From Heavy Industry to High Culture: the Riverside Museum in Glasgow

Glasgow’s third transport museum, designed by the famous Iraqi architect Zaha Hadid, is scheduled to open its doors to the public on 21 June 2011. The Riverside Museum constitutes the first purpose-built transport museum in Glasgow and can thus be seen as a product of an ongoing change in the city’s attitudes to its industrial heritage. Many Victorian material remnants testifying to Glasgow’s abundant trade and industrial expansion have been displayed in various relatively small collections, such as that exhibited in the popular social history museum The People’s Palace, but have not been monumentalised at a scale of the Riverside’s dimensions. The strikingly svelte building is both physically and conceptually rooted in Glasgow’s Victorian shipyards, mimicking the shape of the sheds and embodying the ongoing exchange between the city and the river.

Industry has played a prominent part in the construction of Glasgow’s civic identity, as Lord Provost Bob Winter’s message on the Glasgow City Council website makes clear: “The Glasgow in which I was born was known as the “Second City of the Empire” and was a powerhouse of heavy industry, supplying ships, locomotives and heavy industrial products worldwide.”[1] The spectacular upsurge in industrial productivity that continues to mould the city’s self-image dates back roughly to the mid-Victorian age—historian T.M. Devine speaks of 1850 as the beginning of “the halcyon days of iron, engineering and shipbuilding,” leading to dramatic improvement in Scotland until about 1950.[2] Because of their everyday-status as tools that enabled the smooth flow of people and goods, transportation vehicles—as well as industrial sites—only gained the rank of museum-objects once their functional redundancy was completed: the first Glasgow transport museum was established in the decommissioned Copelawhill Tram Shed, following the demise of trams in the 1960s. In 1988, the growing collection was moved to Glasgow’s Kelvin Hall, where 1,400 objects were displayed. The closing-ceremony of the second transport museum on 18 April, 2010 was a very emotional occasion for Glaswegians, as Liz Cameron from Glasgow Culture and Sport stressed in her speech: “Everyone feels nostalgic for [this museum] and the final day will be a way for the museum to say goodbye to people, before the dramatic re-introduction of its exhibits at the Riverside, which is a spectacular building. It is like a cathedral.”[3] The meaning of transport-related everyday-objects has thus shifted from ensuring logistical convenience to embodying social history, to the point of attaining religious significance.
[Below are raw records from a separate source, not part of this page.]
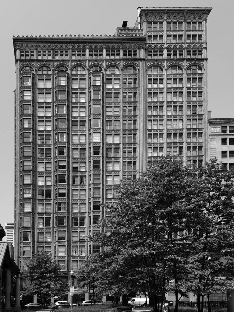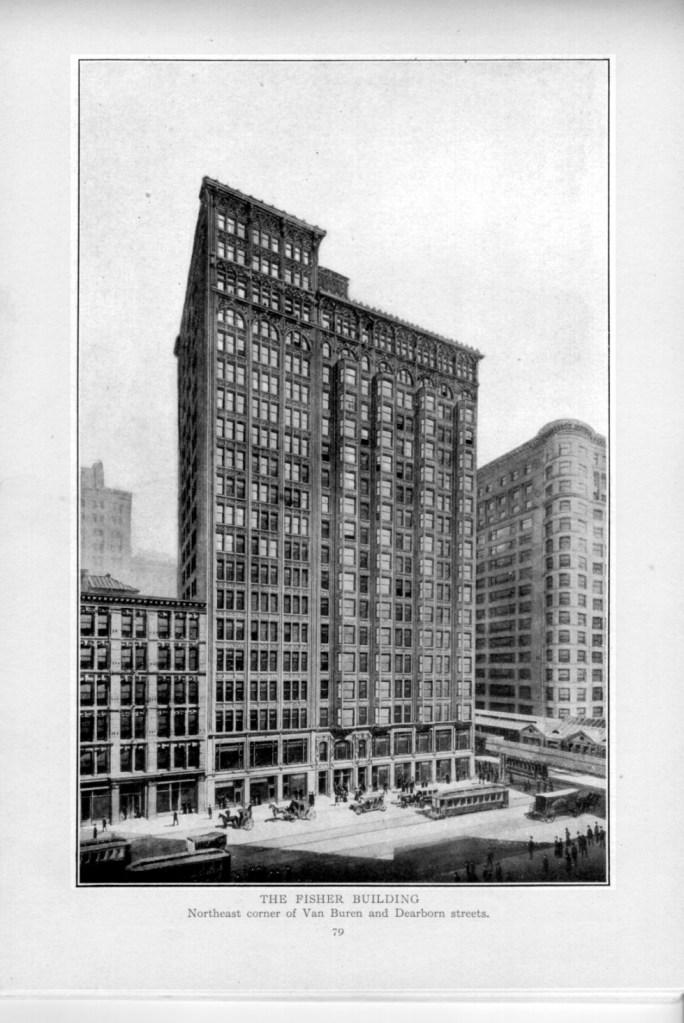 Atwood’s last building for Burnham before his death from opium addiction (seriously!) in 1895 was the Fisher, at the corner of Dearborn and Van Buren. The Fisher had just one party wall because of its narrow lot, and its client, Lucius Fisher, fully intended to buy out his neighbor and expand. The party wall was thus made of lightweight, enameled terra cotta instead of brick.
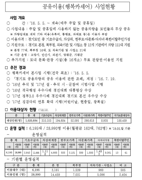 Çູī¼Î¾î´Â ÁÖ¸»À̳ª °øÈÞÀÏ µî¿¡ ¿îÇàÇÏÁö ¾Ê´Â °æ±âµµ °ø¿ëÂ÷·®À» µµ¹Î¿¡°Ô ¹«»óÀ¸·Î ºô·ÁÁÖ´Â »ç¾÷ÀÌ´Ù. 2016³â 5¿ùºÎÅÍ °æ±âµµ°¡ Àü±¹ ÃÖÃÊ·Î ½ÃÇàÇϰí ÀÖ´Ù. ¿ÃÇØ 5¿ù ±âÁØÀ¸·Î 3³â µ¿¾È ÃÑ 28,990¸í¿¡°Ô 6,195´ëÀÇ Â÷·®À» Á¦°øÇß´Ù.
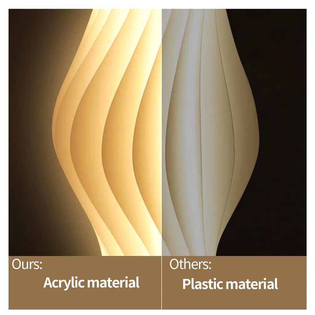 From the work of the famous Italian designer Karmid Rashidde, The design is inspired by the beautiful Andromeda in the starry sky, Its unique design shape is like the graceful curve of a woman as a whole, with concave and convex, white folds as bright as starlight, every angle is a beautiful work of art.The light is refracted through the frosted acrylic lampshade, soft and not dazzling, and the flexible light is scattered on the floor and wall, shining like a diamond in the whole room, the perfect fusion of light and lighting line makes the home full of light and warmth.Feature:Dimensions:Package Includes:
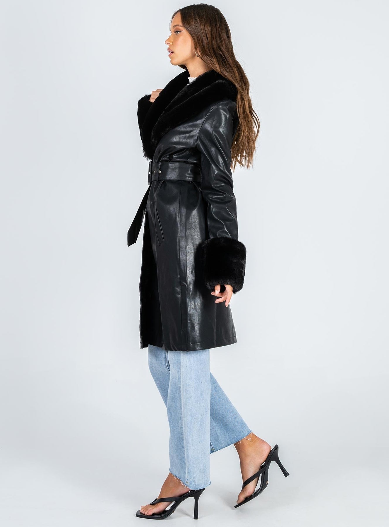 The Harley Classic Long Belted Trench Coat brings together refined tailoring and modern design. Featuring a sleek silhouette with a removable waist belt and plush faux fur trim on the collar and cuffs, it delivers both structure and warmth. Fully lined for comfort, this coat transitions effortlessly from daywear to evening chic.
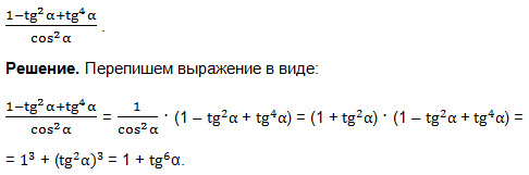 a3 + b3 = (a + b)(a2 – ab + b2). У нас а = 1, b = tg2α.
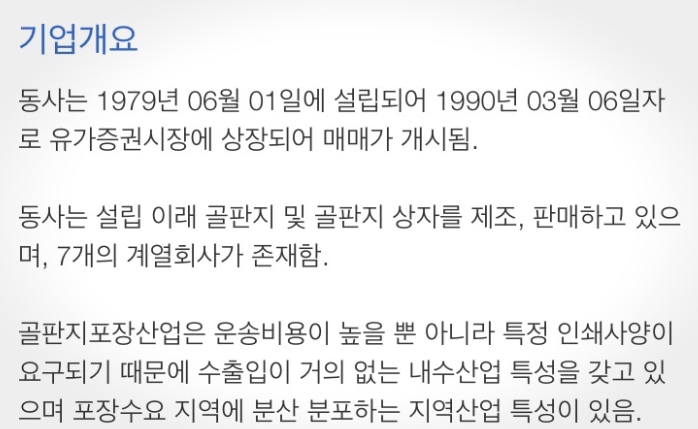 현재 제지 2개사와 판지 5개사를 거느리는 국내 최대 생산 능력을 보유한 포장 전문그룹
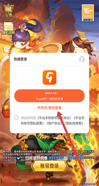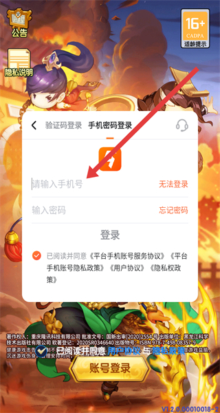 4、输入手机号和密码,勾选已阅读并同意相关协议后,点击登录按钮,完成密码登录操作。
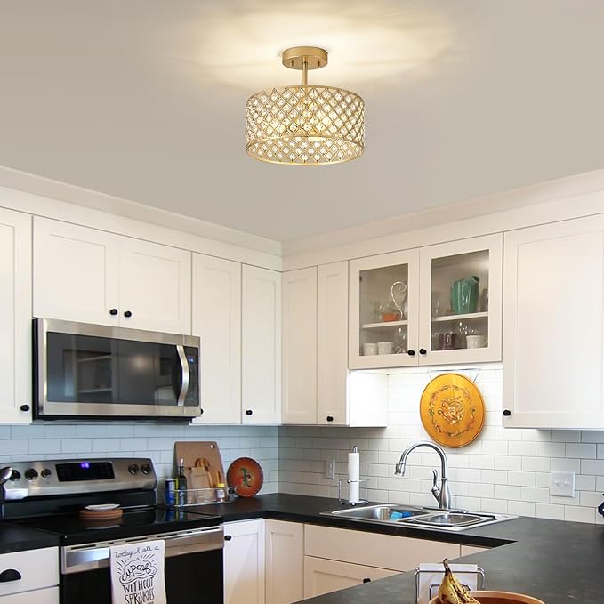 - Size and Materials: The crystal semi-flush mount ceiling light measures 12 inches in diameter and 10.5 inches in height. This crystal ceiling light is finely made, with a solid and long-lasting structure
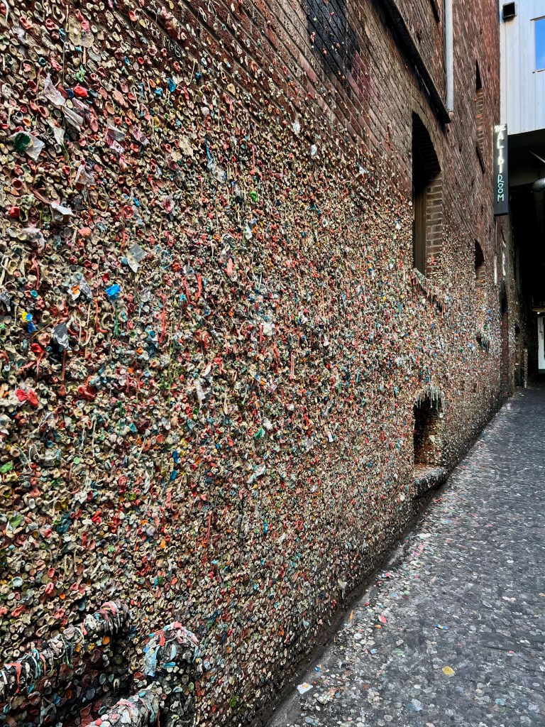 Eine der skurrilsten Sehenswürdigkeiten in Seattle! Die bunte Kaugummi-Wand im Pike Place Market ist mit Tausenden von Kaugummis bedeckt und ein beliebtes Fotomotiv. Ein ungewöhnlicher, aber ikonischer Ort, der definitiv im Gedächtnis bleibt.
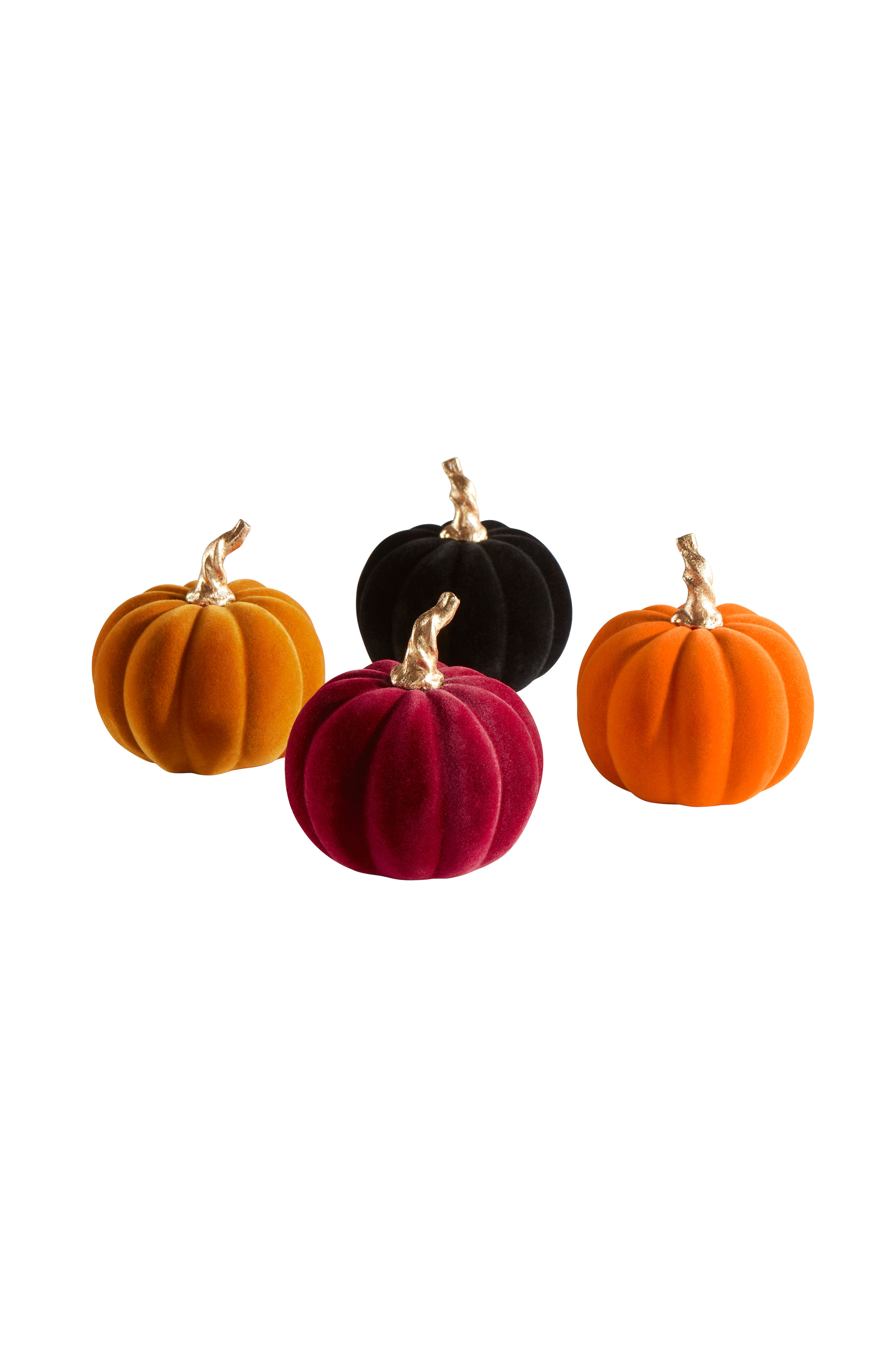 4 koristekurpitsaa sametin tuntuista polyresiiniä. Pakkauksessa on neljä eri väristä kurpitsaa. Kaikissa on pieni kullanvärinen kanta ylhäällä.

The Riverside’s location is indeed “steeped in history,’ as the Glasgow Museums website advertises, as it was “at the heart of Glasgow’s industrial past.” Built at Pointhouse, a shipyard since 1845, which was acquired by A&J Inglis in 1862, the Riverside and its collection transform the Victorian industrial site into an official lieu de mémoire and tourist-attraction. An engagement with the external, as much as the internal, context of the museum was central to Zaha Hadid’s design: besides openings in the roof and walls, “the end elevation is like the front elevation with an expansive clear glass façade [which] will allow expansive views up and down the Clyde.”[4] The building’s shape, which is “porous to its context on either side,” is designed to embody and, one assumes, encourage, the “dynamic relationship” between the city and the Clyde. Due to its restricted space, the former transport museum appeared cluttered and the collection was presented in quite strictly separated categories: trains, trams, cars, bikes and ships were exhibited in different rooms, connected by the main exhibition hall, which housed a cluttered mix of objects.


While we cannot be sure as to the exact display of the objects at the Riverside, the museum places emphasis on the variety of its collection by changing the items on display eight times a year. Moving through a column-free interior that is shaped like a bend in the river, the visitors’ experience is bound to be interactive and self-directed. Although, regrettably, the museum’s reproduction streets do not include a Victorian street scene, variations and adaptations of Victorian architectural and technological designs should be traceable in the 1900s, 1920s-30s and 1960s-80s mock-ups. The former transport museum displayed a large collection of model ships in glass cases—these will now move past the visitors and towards the Clyde on a 24m-long conveyor belt.

Both conceptually and structurally, the Riverside promises to be an ideal space for the public’s engagement with the variety of historical attitudes to technological progress. Doing away with the typical compartmentalisation of the exhibition space and the museum site, the Riverside impresses through its conceptual openness, which grounds 21-century design and museum-philosophy within a nineteenth-century context. The 1896 Glenlee (Tall Ship) that is permanently stationed at the museum’s harbour-like exterior symbolises the firm integration of the Victorian past into the city’s cultural future. The transport vehicles on display are invaluable traces of Scotland’s social and industrial history and they have, for the first time in Glasgow, been given an immensely prestigious setting, typically reserved for high art.


[2] Devine, The Scottish Nation, p. 108.